The advent of computed tomography (CT), with its much improved visualization of the brain and ventricular system compared with earlier studies, was a huge advance in the evaluation of most diseases of the central nervous system, not the least of which was NPH. Hydrocephalus, the cornerstone of the diagnosis, could be well evaluated in a quick, noninvasive manner. CT easily shows the presence and extent of hydrocephalus as well as the degree of existing cortical atrophy. The latter was poorly evaluated with earlier imaging modalities such as pneumoencephalography and cisternography.

The CT diagnosis of NPH relied on certain observations: enlargement of the lateral and third ventricles, enlargement of the temporal horns, prominent basilar cisterns, enlarged suprasellar cistern, nonvisualization of the high cerebral convexity sulci, and possible enlargement of the fourth ventricle.[38,50] Research has focused on the degree of temporal horn dilatation, which is thought to be more specific to the diagnosis of NPH than atrophy. Temporal horn enlargement on CT strongly correlates with positive findings on radionuclide cisternography.[38] The Evans’ or frontal horn ratio is the parameter most commonly studied and documented. It consists of the measured distance of the frontal horns divided by the width of the inner table of the calvarium at the same level. Ratios greater than 0.32 are consistent with the diagnosis of NPH.[24,56] There is some overlap in Evans’ ratio between patients with NPH and those with atrophy, and this parameter does not discriminate between NPH and obstructive hydrocephalus.

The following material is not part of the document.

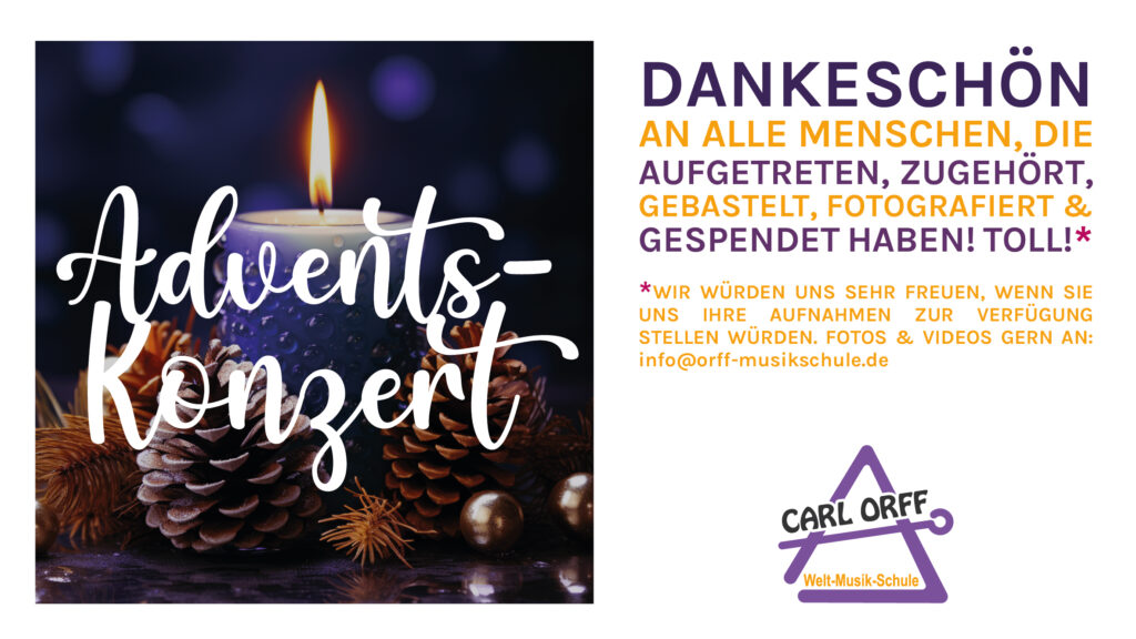Um 16 Uhr werden Orff-Schüler*innen ebenfalls mit einem vielfältigen Programm auf die beginnende Weihnachtszeit bei unserem Adventskonzert einstimmen.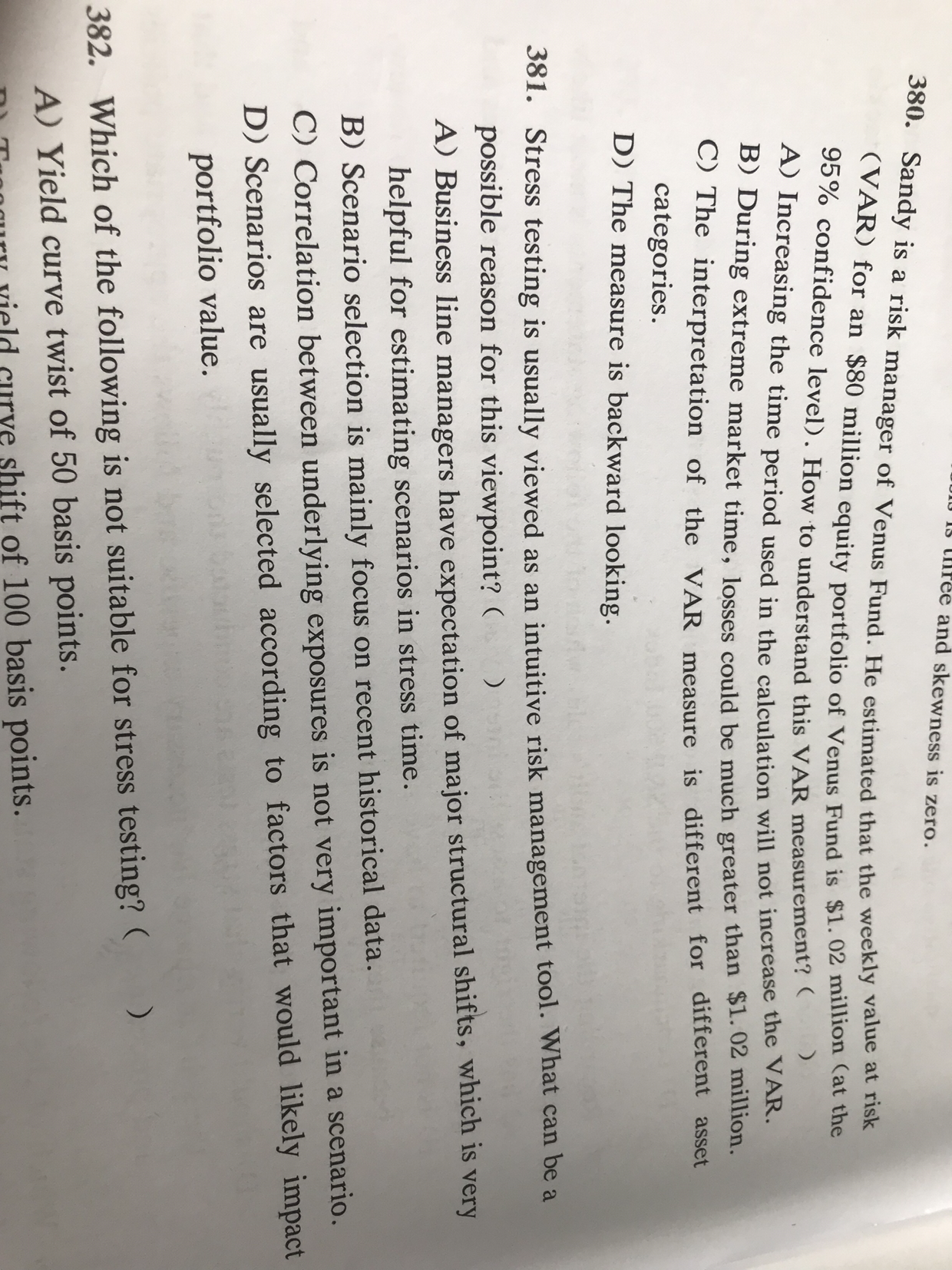 同学,题干意思是说压力测试通常被视为一种直观的风险管理工具,这种观点的可能原因是哪个,A选项意思是业务线经理对主要的结构变化有预期,这对于估计压力时间内的情景非常有帮助,是错误的哈,压力测试不依据业务线经理的预期而改变或受到影响;B选项意思是场景选择主要关注最近的历史数据,是错误的哈,场景的选择是按照历史发生的重大损失事件作为参考的;C选项意思是在一个情景中,潜在风险之间的相关性并不十分重要,是错误的,潜在风险之间的相关性不容忽视;D选项意思是通常根据可能影响投资组合价值的因素选择情景,是正确的,要依据需要来选择情景哈

Research into potential prognostic information obtained from the degree or distribution of hydrocephalus has identified no single significant finding to correlate with postoperative improvement.[22,27,59] Over time, increasing overlap in the presence of sulcal prominence between NPH and atrophy patients was further documented, with the acknowledgment that some degree of atrophy is common in NPH patients.[38] However, the degree of ventricular prominence is still disproportionate to sulcal prominence, a finding heavily used today to interpret CT findings.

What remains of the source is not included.